What is being asked:
Word for word, please restate the line that contains "Leírás: 1993. 200Ft" and all lines after it through the end of the material, minus the pictures.

Supplied material:
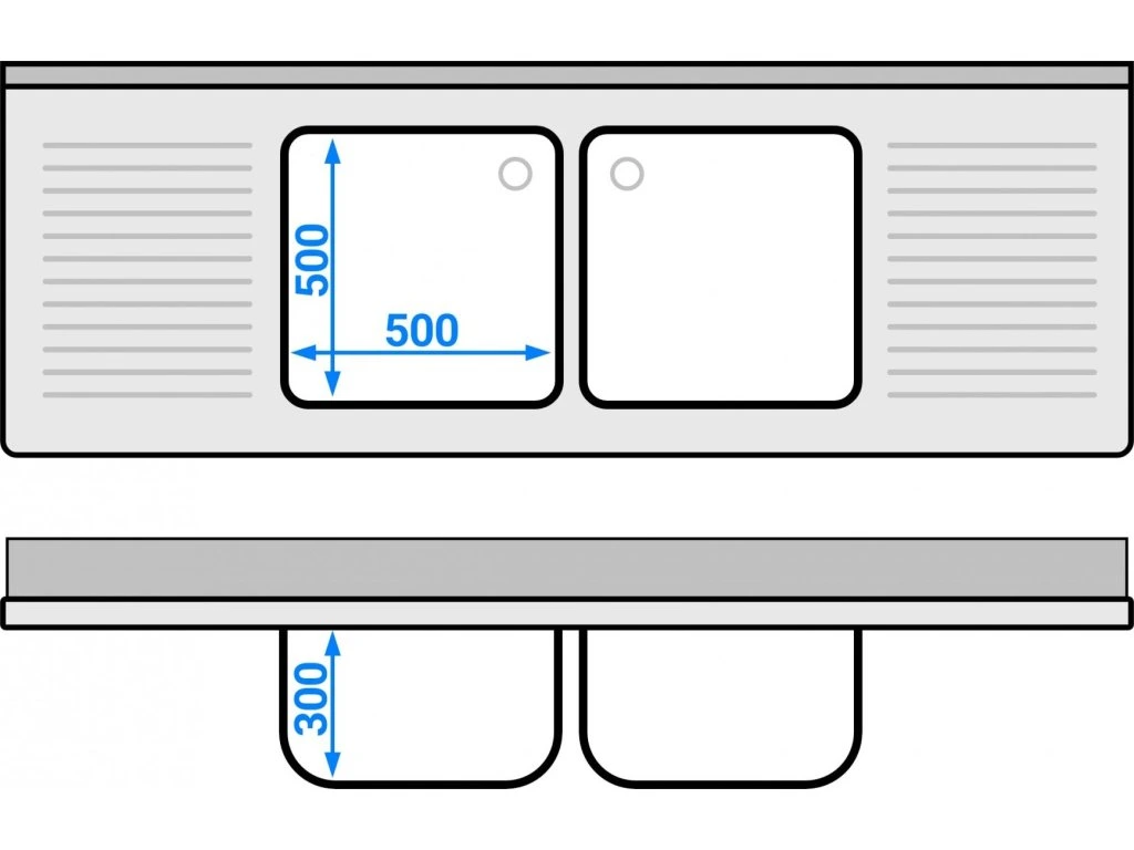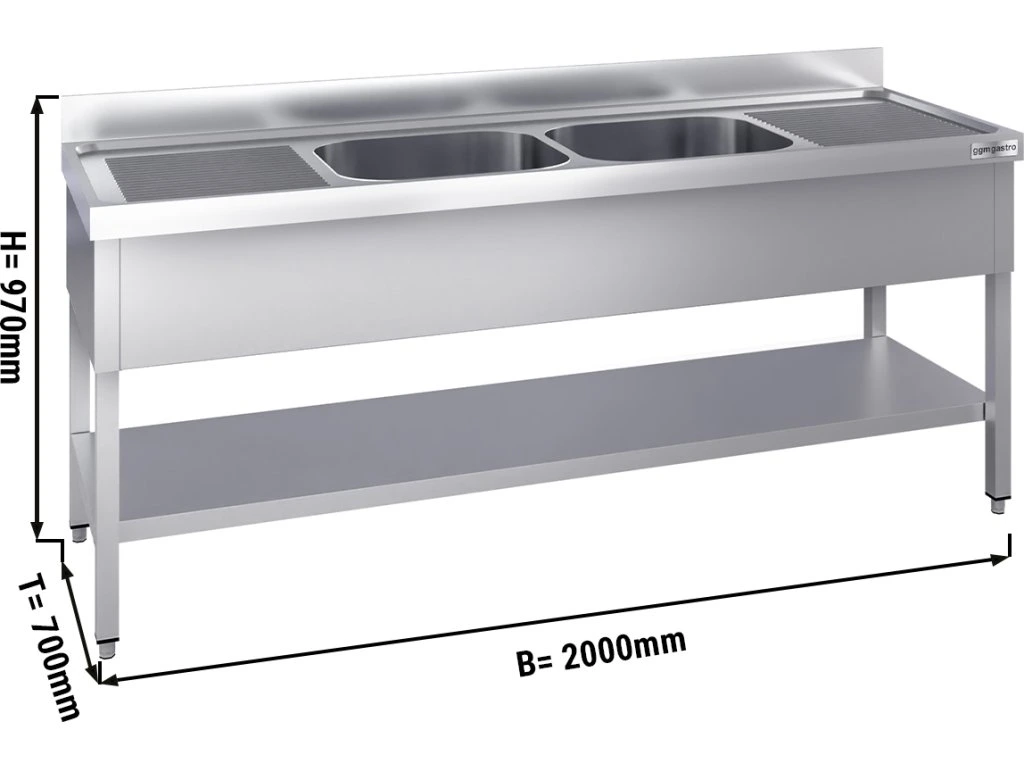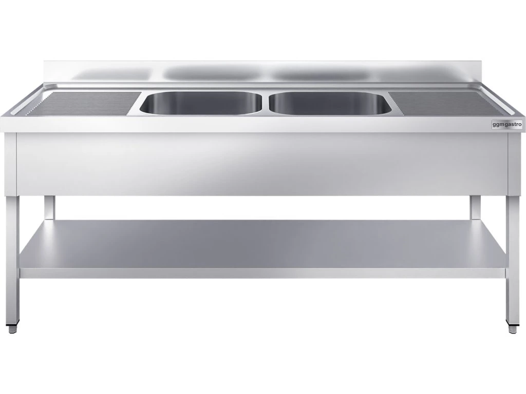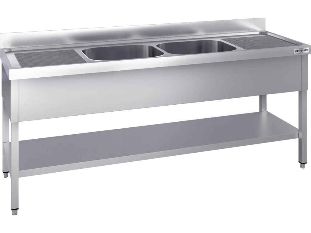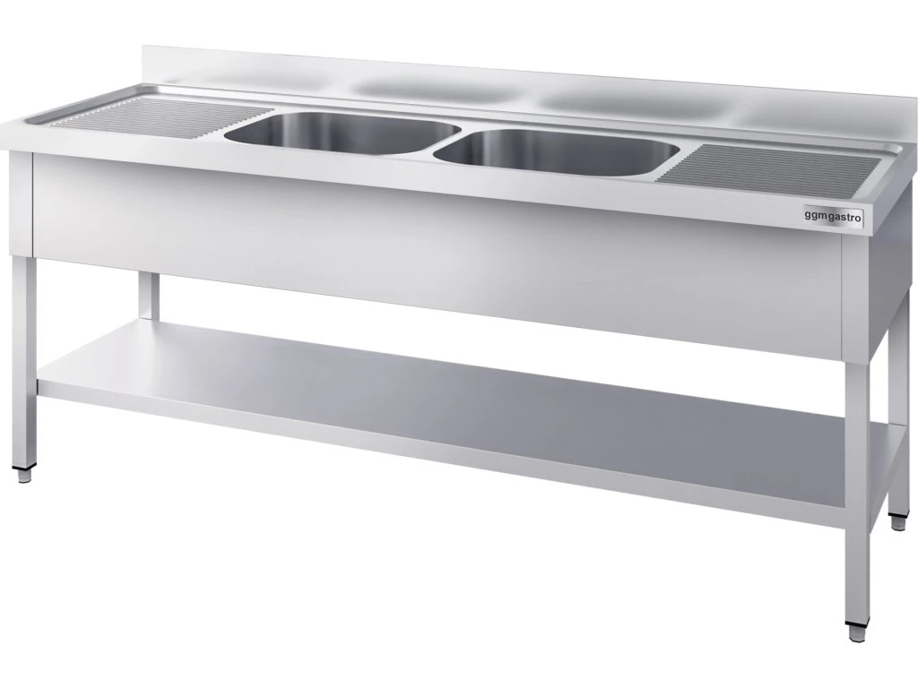 Stół zlewozmywakowy PREMIUM - 2000x700mm - z dolną półką i 2 zlewami w środku
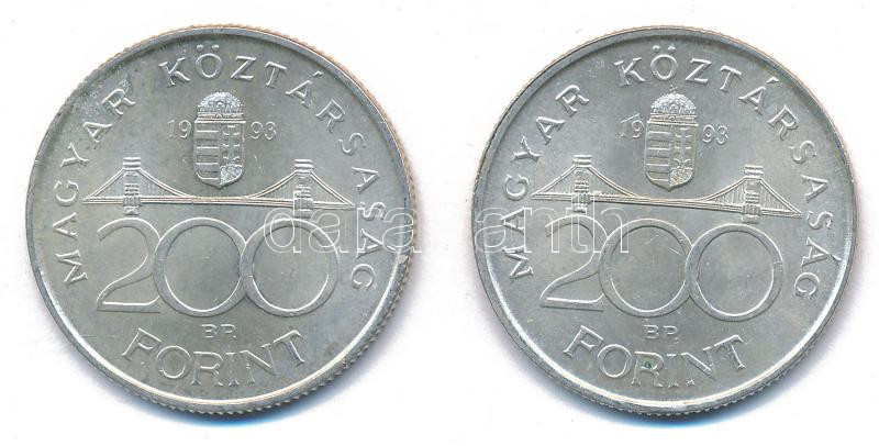 Leírás: 1993. 200Ft Ag "MNB" (2x) T:AU,XF
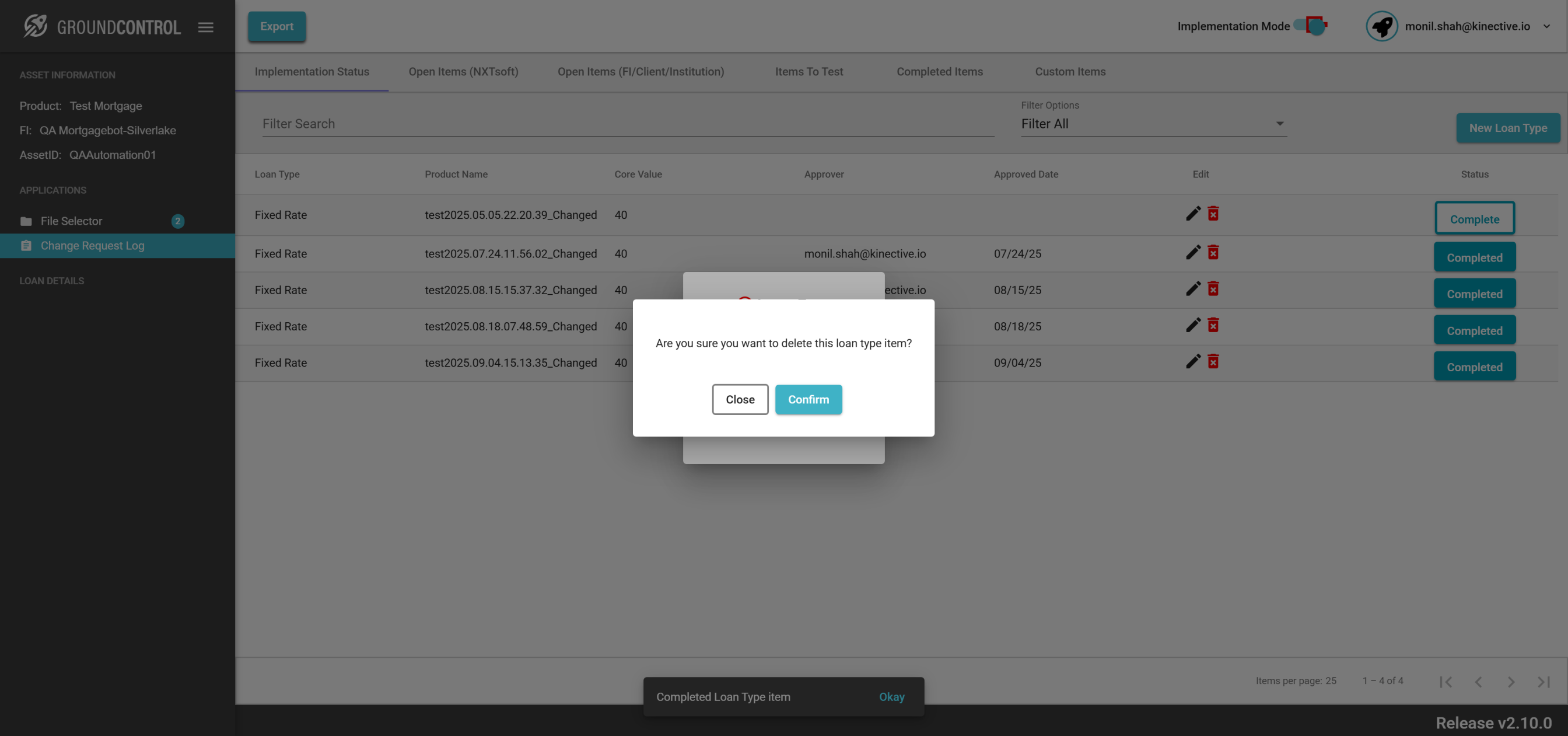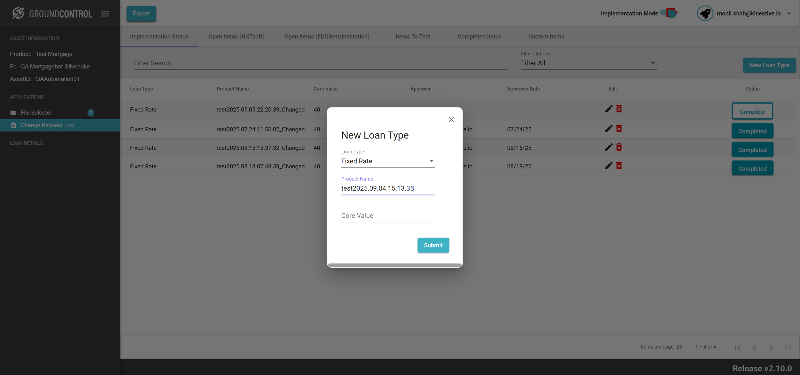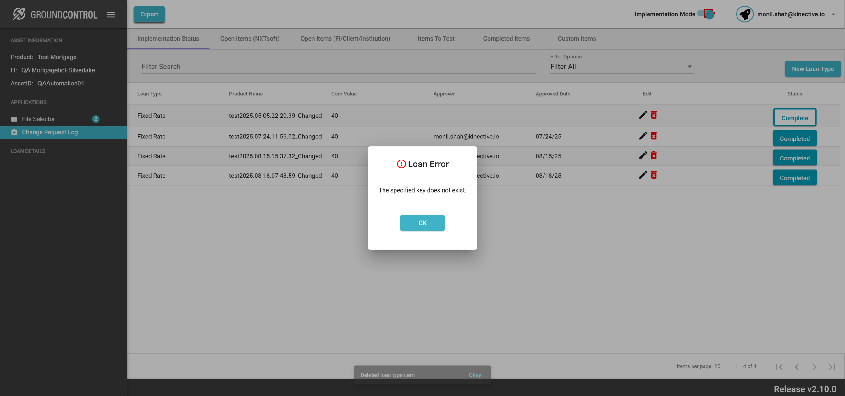 | {ASSET SELECTOR PAGEMAP= searchAsset:QAAutomation01; selectAssetId:QAAutomation01; clickAssetId:Y; assetRow:;, TestID=createUpdateDeleteChangeRequest, LOAN SELECTOR PAGEMAP=loanNumber:0070000013; taxId:11983400; loanRow:;, Description=Request Change button for the field Id and Verify the change request, CHANGE REQUEST PAGEMAP=addLoanType:Y; loanType:Fixed Rate; productName:test; coreValue:40;, LOGIN PAGEMAP=userName:monil.shah@kinective.io; password:ab7UPKi34CnZIrG25Dl05g==; key:HelloMonil!ThisIsOMNI;, TRANSACTIONS PAGEMAP=} |

Written answer:
 Leírás: 1993. 200Ft Ag "MNB" (2x) T:AU,XF
 | {ASSET SELECTOR PAGEMAP= searchAsset:QAAutomation01; selectAssetId:QAAutomation01; clickAssetId:Y; assetRow:;, TestID=createUpdateDeleteChangeRequest, LOAN SELECTOR PAGEMAP=loanNumber:0070000013; taxId:11983400; loanRow:;, Description=Request Change button for the field Id and Verify the change request, CHANGE REQUEST PAGEMAP=addLoanType:Y; loanType:Fixed Rate; productName:test; coreValue:40;, LOGIN PAGEMAP=userName:monil.shah@kinective.io; password:ab7UPKi34CnZIrG25Dl05g==; key:HelloMonil!ThisIsOMNI;, TRANSACTIONS PAGEMAP=} |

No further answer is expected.